Simpson's case, from one man murder, to black and white, who is to blame. Simpson was acquitted despite a fair trial by a Japanese-American judge, white-dominated mainstream media coverage, and a live broadcast that was transparent and open throughout. In fact, the reason is precisely because of the excessive interference of the media in the judicial process. White-dominated mainstream media reports consistently report and interpret from the perspective of Simpson's murder of his wife, but this is tantamount to arousing more dissatisfaction among blacks. The broadcast of the trial scene allowed the defense lawyers to seize more opportunities to attack details unrelated to the case: the hairstyle of the white prosecutor, the position of the black prosecutor, the racial discrimination of Officer Foreman, and so on. The excessive exposure of the media has also led to the invalidation of witness testimony, the major changes in jury members (with the purpose of publishing books for profit), and the terrible situation that the court has to make small concessions once the defense lawyers are pressured by public opinion.

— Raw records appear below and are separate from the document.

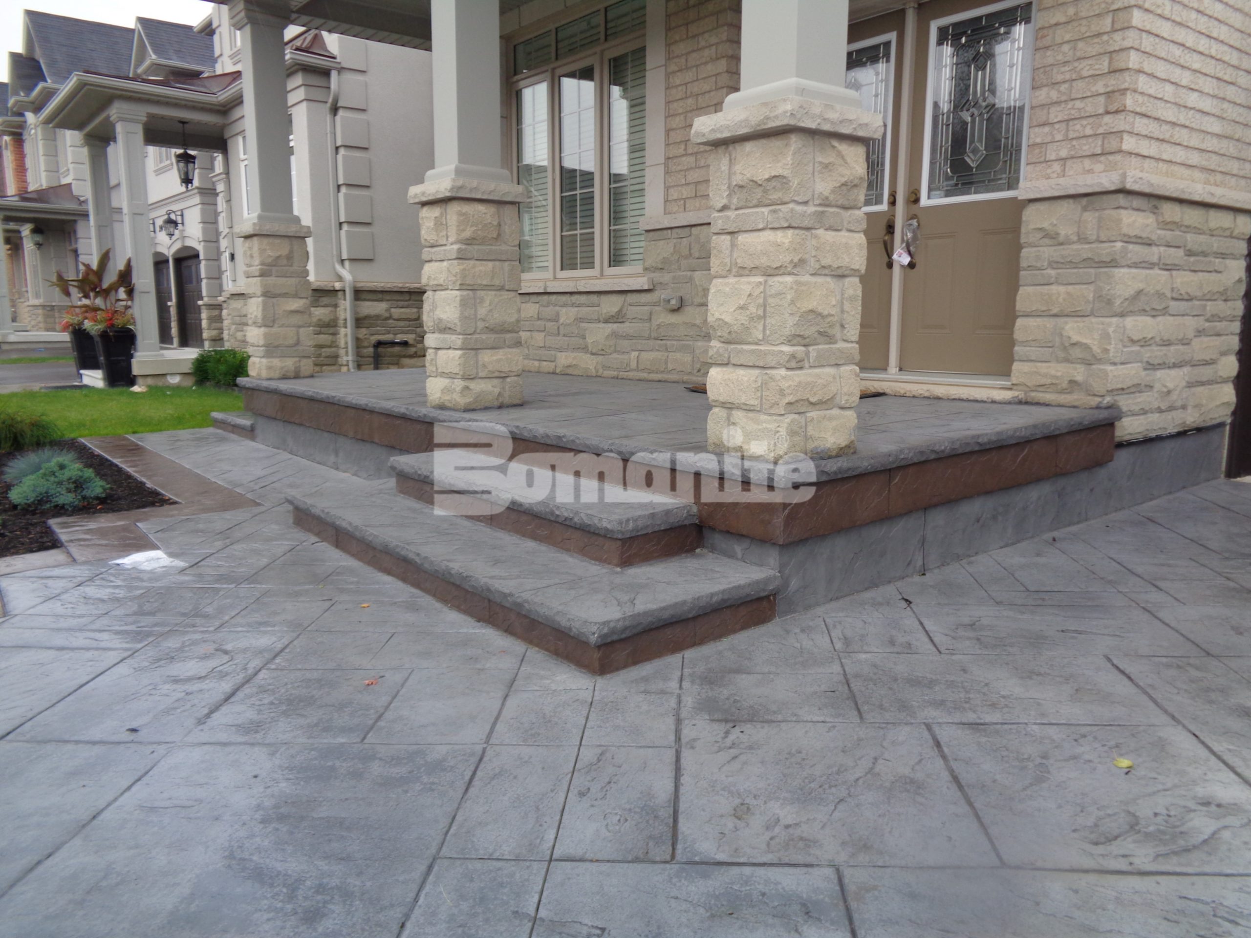 Canadian Homeowners Invest in Bomanite Decorative Concrete with an installation by Bomanite Toronto using the Yorkshire Stone Pattern for their Driveway and Patio in Burlington, Ontario Canada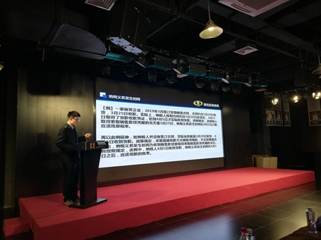 活动开始,由普陀区税务局总会计师黄河致辞,感谢园区对税宣月的大力支持和各位纳税人的出席。而后,来自四个业务科室的税务干部采取PPT演示文稿的形式,结合不同类型企业实际情况,深入浅出地为现场纳税人解读2019年深化增值税改革、小微企业所得税优惠、新个人所得税法、减征“六税两费”要点等减税降费具体政策措施。宣讲结束后,税企双方交流互动,针对减税降费相关政策细则、涉税操作实务、账务处理等疑难问题热烈讨论,税务干部耐心答疑解惑,为纳税人排忧解难。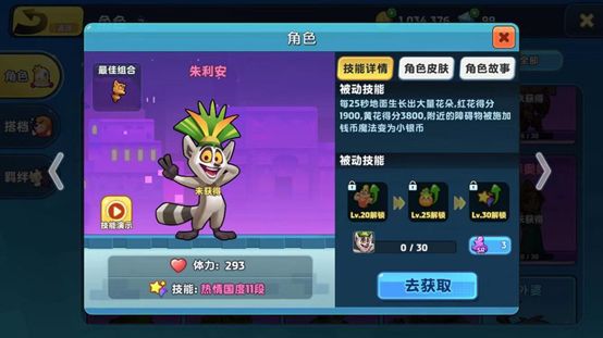 技能详情:每25秒地面长出大量花朵,红花得分1900,黄花得分3800,附近的障碍物被施加钱币魔法变为小银币。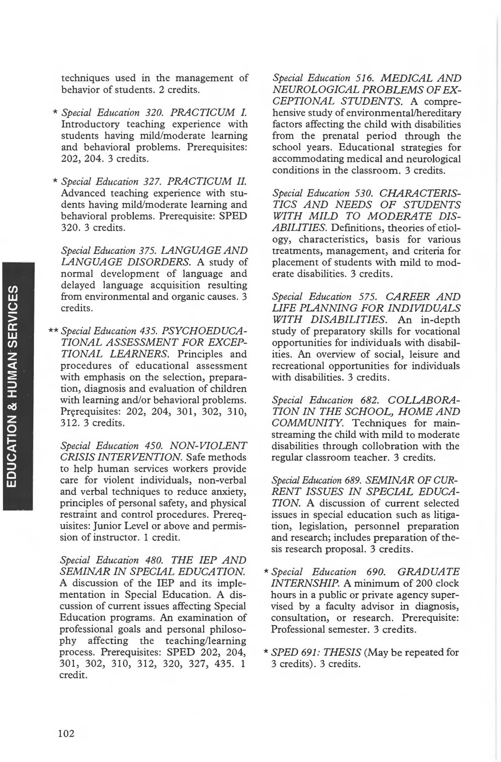 Liberal Studies-Special Education Program ....... ... .... . 100-101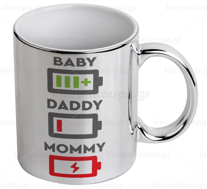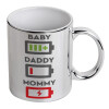 BABY, MOMMY, DADDY Low battery, Mug ceramic, silver mirror, 330ml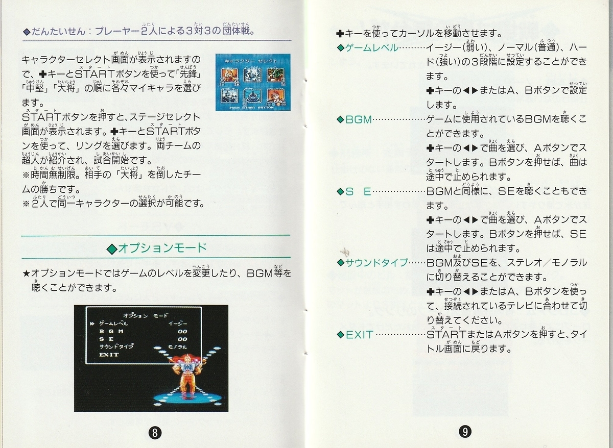 対戦格闘のようなジャンプ技が無いわりに、キャラが小さく迫力が無い。スカスカの画面上部には吹き出しで技名が出る。

Finally, back to my thoughts. Although in our country, there is no question of who is cleaner, black or white, but over the past few years, media interference in justice has not been uncommon. In the past, people were unable to speak or speak for a long time, and when people spoke freely, some people would mix in and call a deer a horse. Anyone on Weibo's hot search list can send a lawyer's letter warning, but anyone can be slandered.
From Wu Moufan to Zhang Mouhan, I gradually can't tell where is fairness and justice? Does it exist in the people's shouts, on the keyboards, in the excitement, or in the "cold" evidence?
Sometimes media intervention can promote justice, but once the group's emotions are manipulated by a group, it is a distortion of justice.
Before Simpson, the innocent were guilty of his skin. And Simp is the guilty man who is innocent because of his skin. Why, because of skin color, because of the long-standing racial issues, because of the confrontation and struggle between black and white.
Cochran once quoted Martin Luther King before the court: Injustice anywhere is a threat to justice everywhere.
I believe that one day in the future, we will have broad access to the truth and to speak out, and no one will be able to manipulate the media and public opinion, and turn the truth that people are seeking into their own weapons of attack. We will find truth, fairness and justice through ourselves.